## Activity
Each line from the first line of the entries through the line holding "中國(guó)甘肅網(wǎn" is to be restated word for word; nothing else, and no picture, belongs in the answer.

## Source data

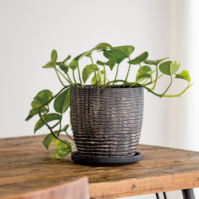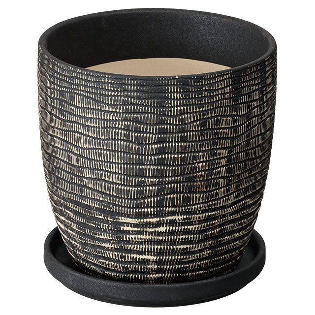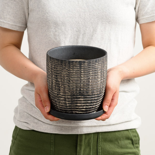 シックなブラックカラーの陶器鉢(4号サイズ)です。立体感のある編み込みデザインと洗練されたフォルムが、観葉植物や季節の花をスタイリッシュに引き立て、お部屋や玄関、店舗ディスプレイなど、さまざまな空間を上品に演出します。受け皿付きで水やりの管理も簡単。ギフト用や定番のグリーンアレンジにも幅広く活用できる陶器鉢です。
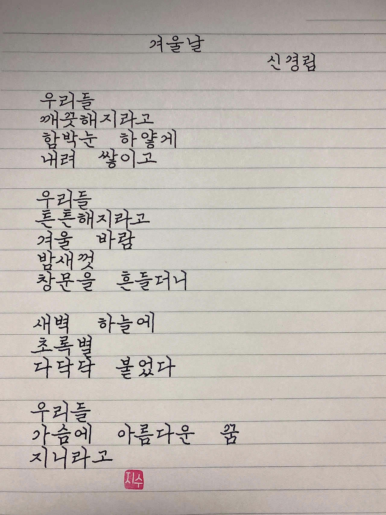 [201227] 겨울날 -신경림-우리들 깨끗해지라고함박눈 하얗게내려 쌓이고우리들 튼튼해지라고겨울 바람밤새껏창문을 흔들더니새벽 하늘에초록별다닥닥 붙었다우리들가슴에 아름다운 꿈지니라고
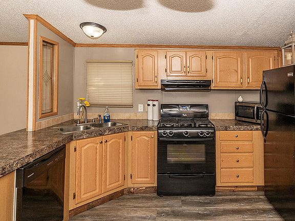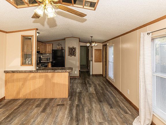 This affordable 3 bed / 2 bath home is move in ready with new paint and flooring throughout. There is an open concept floor plan and the kitchen has a gas range. The laundry is located right of the primary bedroom with a private suite. The home is located on a lot with mature trees. There is a large deck, an attached mud room and a storage shed.
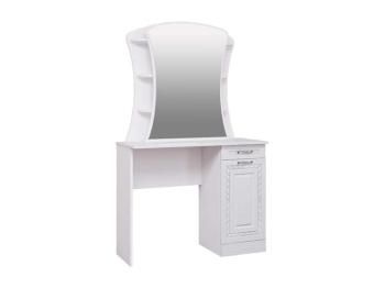 Туалетный столик Комфорт-S М6 Гертруда понравится любой женщине, если она предпочитает классический стиль в интерьере. Перламутровый оттенок столешницы и фасадов, аккуратные ручки с инкрустацией, необычная форма зеркала придают изысканности этому предмету мебели. Несколько скрытых полок за зеркалом могут используются для размещения различных мелочей, а также для организации и хранения косметики и парфюмерии.
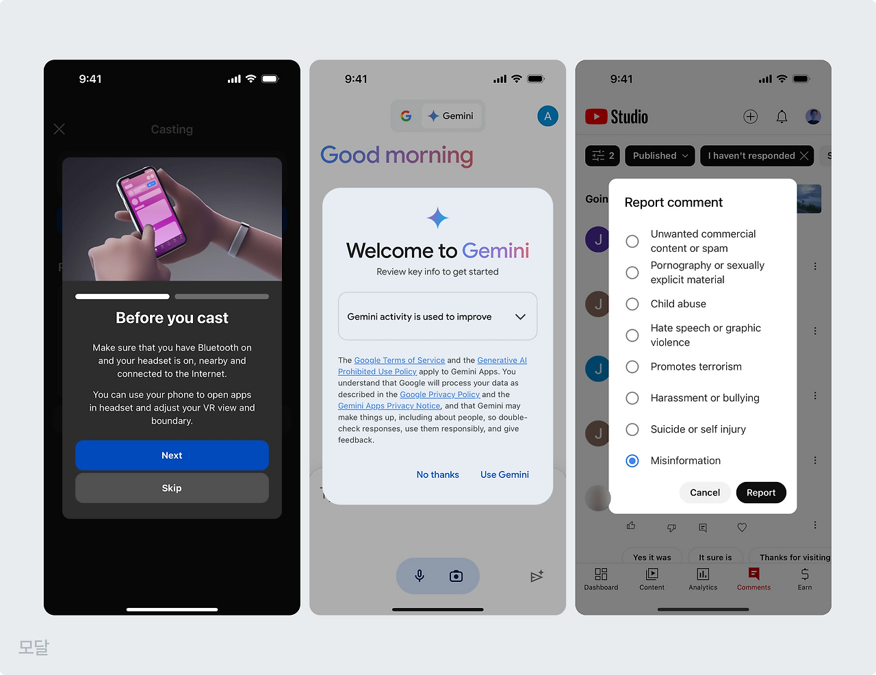 모달(Apple)과 다이얼로그(Google)는 일반적으로 같은 의미로 사용됩니다. 현재 페이지 내에서 사용자와의 상호작용을 위해 나타나는 작은 창으로, 주로 의사결정이나 입력을 요구합니다.
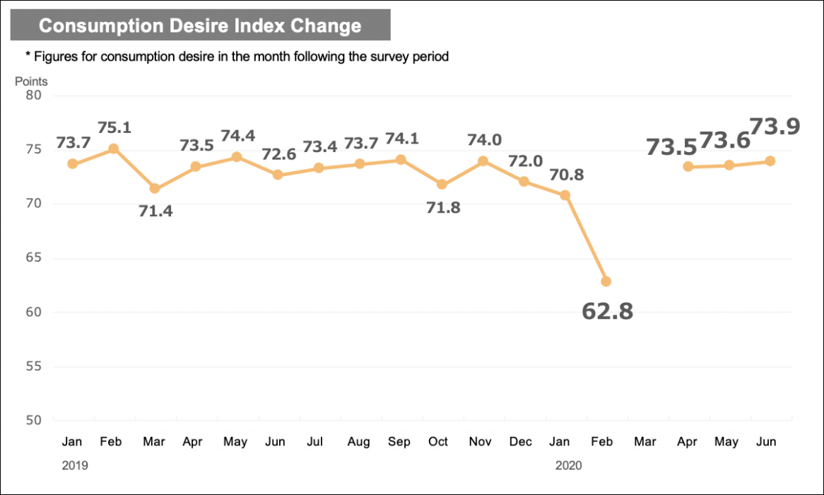 Since then, the index has made a full recovery to 2019 levels, with purchasing desire levels hitting 73.5 in April, 73.6 in May and 73.9 in June, the highest reading in a year.
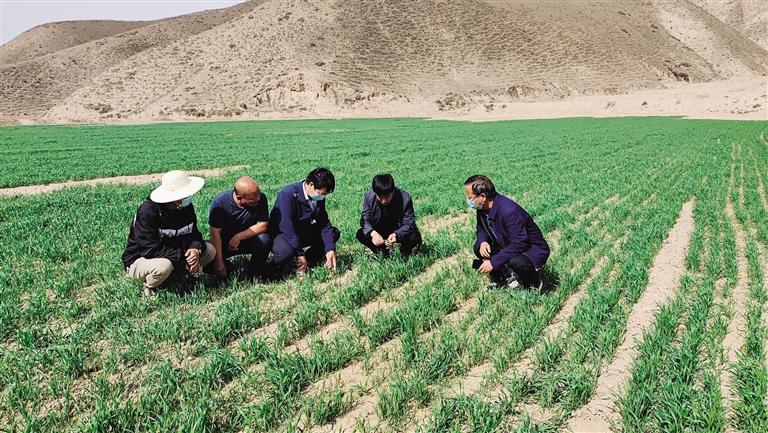 中國(guó)甘肅網(wǎng)5月11日訊 據(jù)蘭州日?qǐng)?bào)報(bào)道記者 程珊珊 文/圖)走進(jìn)皋蘭縣石洞鎮(zhèn)鎮(zhèn)東灣村的田間地頭,只見綠油油的麥田分布在村道兩旁,蘊(yùn)含綠色的期盼。皋蘭縣農(nóng)技中心主任王朝軍又下地了,帶著小鏟子、鋼卷尺等幾件從不離身的家伙。走進(jìn)麥田觀察根系、測(cè)量株高,細(xì)心查看苗情、墑情、肥情以及病蟲害情,而他的身邊還圍著不少村里的種糧大戶。
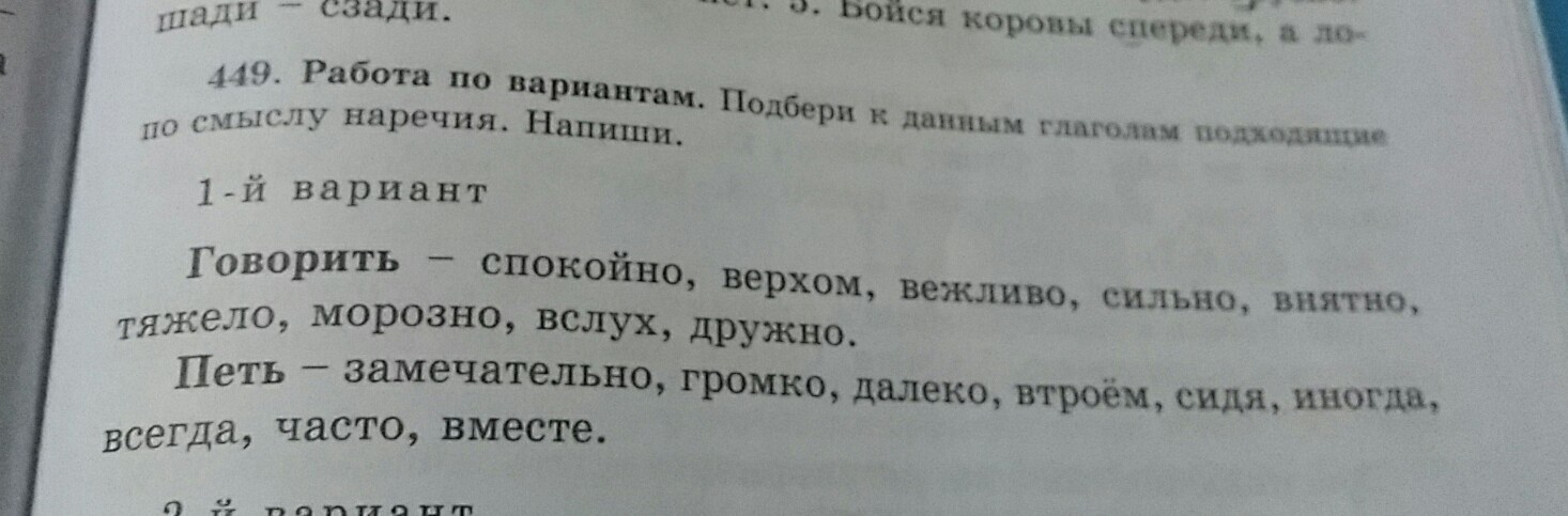 Петь-замечательно, громко, втроём, сидя, иногда, всегда, вместе, часто

## Completed task
 シックなブラックカラーの陶器鉢(4号サイズ)です。立体感のある編み込みデザインと洗練されたフォルムが、観葉植物や季節の花をスタイリッシュに引き立て、お部屋や玄関、店舗ディスプレイなど、さまざまな空間を上品に演出します。受け皿付きで水やりの管理も簡単。ギフト用や定番のグリーンアレンジにも幅広く活用できる陶器鉢です。
 [201227] 겨울날 -신경림-우리들 깨끗해지라고함박눈 하얗게내려 쌓이고우리들 튼튼해지라고겨울 바람밤새껏창문을 흔들더니새벽 하늘에초록별다닥닥 붙었다우리들가슴에 아름다운 꿈지니라고
 This affordable 3 bed / 2 bath home is move in ready with new paint and flooring throughout. There is an open concept floor plan and the kitchen has a gas range. The laundry is located right of the primary bedroom with a private suite. The home is located on a lot with mature trees. There is a large deck, an attached mud room and a storage shed.
 Туалетный столик Комфорт-S М6 Гертруда понравится любой женщине, если она предпочитает классический стиль в интерьере. Перламутровый оттенок столешницы и фасадов, аккуратные ручки с инкрустацией, необычная форма зеркала придают изысканности этому предмету мебели. Несколько скрытых полок за зеркалом могут используются для размещения различных мелочей, а также для организации и хранения косметики и парфюмерии.
 모달(Apple)과 다이얼로그(Google)는 일반적으로 같은 의미로 사용됩니다. 현재 페이지 내에서 사용자와의 상호작용을 위해 나타나는 작은 창으로, 주로 의사결정이나 입력을 요구합니다.
 Since then, the index has made a full recovery to 2019 levels, with purchasing desire levels hitting 73.5 in April, 73.6 in May and 73.9 in June, the highest reading in a year.
 中國(guó)甘肅網(wǎng)5月11日訊 據(jù)蘭州日?qǐng)?bào)報(bào)道記者 程珊珊 文/圖)走進(jìn)皋蘭縣石洞鎮(zhèn)鎮(zhèn)東灣村的田間地頭,只見綠油油的麥田分布在村道兩旁,蘊(yùn)含綠色的期盼。皋蘭縣農(nóng)技中心主任王朝軍又下地了,帶著小鏟子、鋼卷尺等幾件從不離身的家伙。走進(jìn)麥田觀察根系、測(cè)量株高,細(xì)心查看苗情、墑情、肥情以及病蟲害情,而他的身邊還圍著不少村里的種糧大戶。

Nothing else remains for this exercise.